Table 8. Enriched sequence motifs in At sugar transporters

Application of established thresholds to human datasets

Next, we tested these thresholds on four Hs datasets. In comparison to the three model organisms, these datasets are likely much less complete. We used the three tools to align the Hs transporters using a set of transporters from At and Sc and to align Ec transporters using Hs transporters. The results are in line with the comparisons of the three model organisms. When using BLAST and HMMER, only a small fraction was annotated at strict thresholds but more were classified at more permissive thresholds. Using HMMER, about 50% of the transporters remain not annotated even at the loosest threshold of 1e-4 whereas using BLAST many more were annotated but with a very low prediction accuracy. The reason is that the Hs phosphate and metal transporters were not annotated using the At and Sc sets and even did not help in annotating the Ec transporters. However, sugar and amino acid transporters were mostly correctly annotated. Most annotations of Hs transporters were based on matching (Hs, Sc) pairs. In motif searches, two thirds of the Hs transporters were annotated at the threshold of 1e-16 but none were annotated at the strictest threshold of 1e-20, see Table 9. The complete results of matching (Hs, At) and (Ec, Hs) are listed in Additional file 2: Table S4.

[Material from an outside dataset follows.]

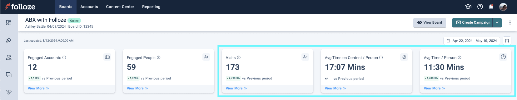 Review "visit" and "view time" data holistically. If your Board shows a short average view time, it may indicate that the Board’s design, copy, or content isn't capturing the interest of prospects landing there. On the other hand, if your Board isn’t getting the number of visits you expect (but engagement levels are reasonable) this suggests that your Board is effective once prospects get to it. In this case, consider adjusting your campaigns to improve click-through rates or use other methods to boost visibility.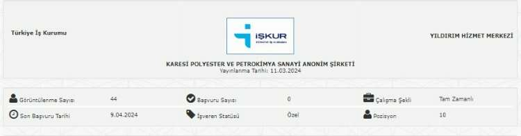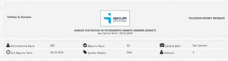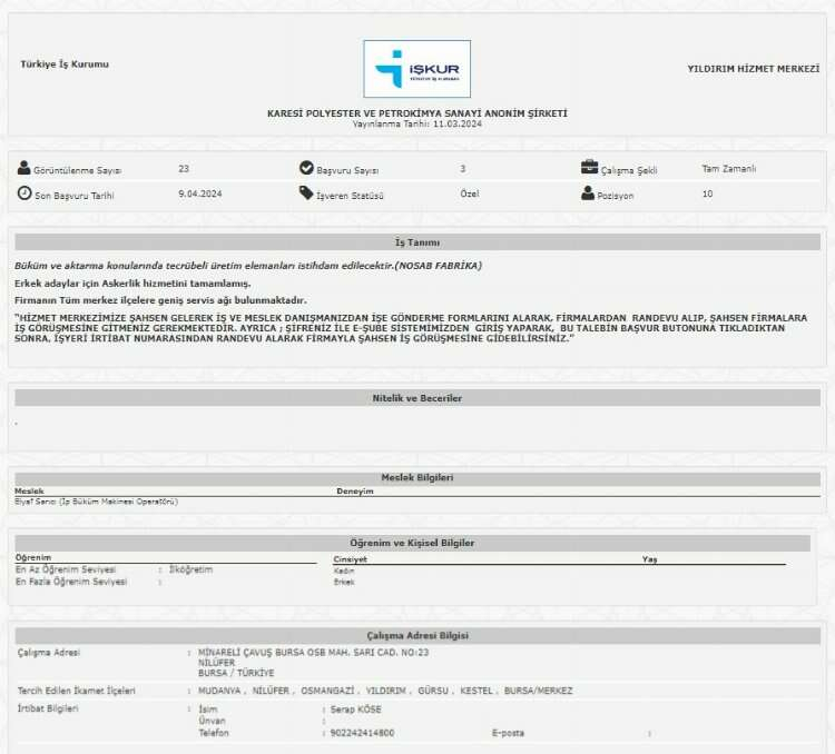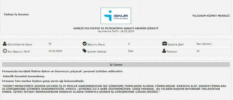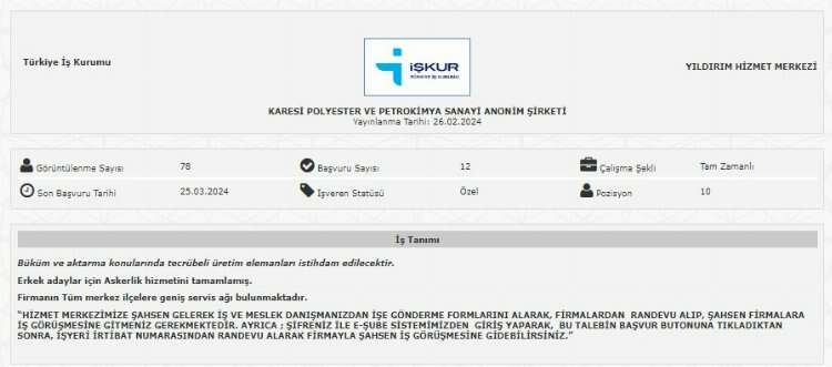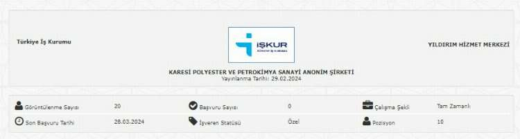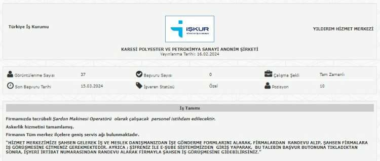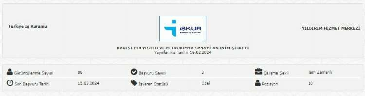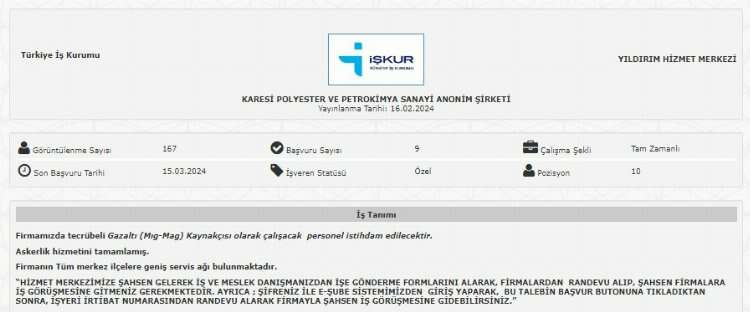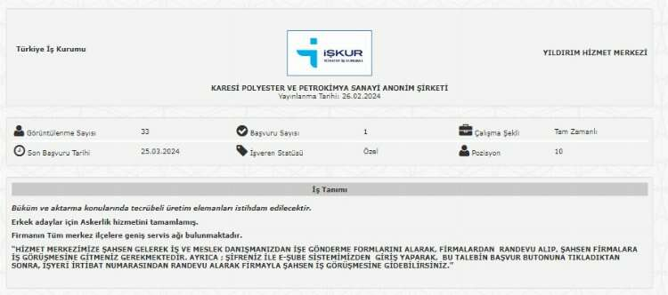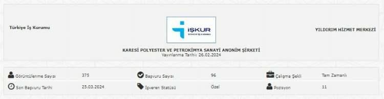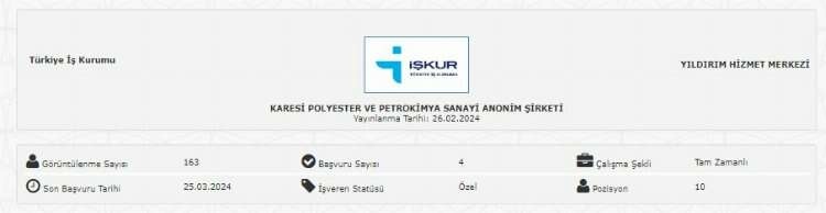Bursa'nın en büyük firmaları listesinde ilk sıralarda bulunan RB Karesi Holding'e bağlı Karesi Polyester ve Petrokimya Sanayi Anonim Şirketi, İŞKUR üzerinden yayımladığı ilanlarla 178 işçi alacak.

Table 9. Results of the three tools matching Hs and Sc sequences

Additional file 2: Table S4. Complete annotation results of the pairs (Hs, At) and (Ec, Hs).

Format: XLSX Size: 12KB Download fileOpen Data

Additionally, we studied the pairwise global similarity of all organism pairs using the program ggsearch from the FASTA program suite. The results were generally similar to BLAST and HMMER results with a slightly lower accuracy at the loose thresholds and even lower accuracy at the stricter thresholds. Results are listed in Additional file 3: Tables S5-S6.

Additional file 3: Tables S5–S6. Results of FASTA global searches.

Format: XLSX Size: 13KB Download fileOpen Data

Prediction of TC families in substrate families

Comparison of the two preceding sections shows that substrate families have less sequence similarity on average compared to TC families. Now, we tested the combination of both properties, see Figure 3. We performed this comparison in a systematic way. For this, we named the extracted families in the form “substrate family_TC family”. The four substrate families (amino acids, sugars, phosphates, metals) belong to 19 TC families in Ec, 13 in At and 14 in Sc. 7 families substrate-TC are shared between Ec and At, 7 also are shared between Ec and Sc and 11 are shared between Sc and At. Some TC families belong to many different substrate families like the family 3.A.1 that contains members of 4 Ec substrate families. We used BLAST to analyze the affiliation of test sequences toward their TC or substrate families. Here, only the best match of each substrate_TC family is considered. The heatmap in Figure 3 shows the tendency of Sc sequences to match their analogues from At TC or substrate families. Some Sc transporters matched strongly (black rectangles) their actual substrate_TC families from At like sugar_2.A.1, phosphate_2.A.1 and metal_2.A.55. However, most sequences from shared TC families had weaker matches to their TC families rather than their substrate families. Similar results were obtained in the Ec-At and Ec-Sc comparison, see Additional files 4: Figure S4 and Additional file 5: Figure S5. Thus, we suggest that it is beneficial to apply substrate information as a pre-filter for transporter TC family classification. On the other hand, transporters that transport the same substrate but belong to different TC families generally do not share noticeable sequence similarity. TC information can be the stand alone feature used to classify transporters but a little tuning by substrate information elevates the prediction accuracy. Misclassification will occur in the small substrate_TC families not in the big TC families.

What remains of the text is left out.